Add support for external-IP-address-autodetection to Coturn

spantaleev · spantaleev · commit dc9ff4e01b4e · 2023-10-10T11:10:21.000+03:00
diff --git a/docs/configuring-playbook-turn.md b/docs/configuring-playbook-turn.md
@@ -16,13 +16,24 @@ matrix_coturn_enabled: false
 In that case, Synapse would not point to any Coturn servers and audio/video call functionality may fail.
 
 ## Manually defining your public IP
+
 In the `hosts` file we explicitly ask for your server's external IP address when defining `ansible_host`, because the same value is used for configuring Coturn.
+
 If you'd rather use a local IP for `ansible_host`, make sure to set up `matrix_coturn_turn_external_ip_address` replacing `YOUR_PUBLIC_IP` with the pubic IP used by the server.
 
 ```yaml
 matrix_coturn_turn_external_ip_address: "YOUR_PUBLIC_IP"
 ```
 
+If you'd like to rely on external IP address auto-detection (not recommended unless you need it), set `matrix_coturn_turn_external_ip_address` to an empty value. The playbook will automatically contact an [EchoIP](https://github.com/mpolden/echoip)-compatible service (`https://ifconfig.co/json` by default) to determine your server's IP address.
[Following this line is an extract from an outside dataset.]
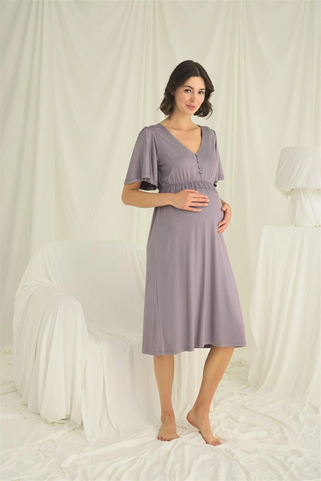 Dantelli Önden Düğmeli Hamile Lohusa Gecelik

This API endpoint is configurable via the `matrix_coturn_turn_external_ip_address_auto_detection_echoip_service_url` variable.
+
+If your server has multiple external IP addresses, the Coturn role offers a different variable for specifying them:
+
+```yaml
+# Note: matrix_coturn_turn_external_ip_addresses is different than matrix_coturn_turn_external_ip_address
+matrix_coturn_turn_external_ip_addresses: ['1.2.3.4', '4.5.6.7']
+```
+
 ## Using your own external Coturn server
 
 If you'd like to use another TURN server (be it Coturn or some other one), you can configure the playbook like this:
@@ -49,4 +60,4 @@ jitsi_web_stun_servers:
 You can put multiple host/port combinations if you like.
 
 ## Further variables and configuration options
-To see all the available configuration options, check roles/custom/matrix-coturn/defaults/main.yml 
+To see all the available configuration options, check roles/custom/matrix-coturn/defaults/main.yml
diff --git a/examples/vars.yml b/examples/vars.yml
@@ -41,3 +41,19 @@ devture_traefik_config_certificatesResolvers_acme_email: ''
 # The playbook creates additional Postgres users and databases (one for each enabled service)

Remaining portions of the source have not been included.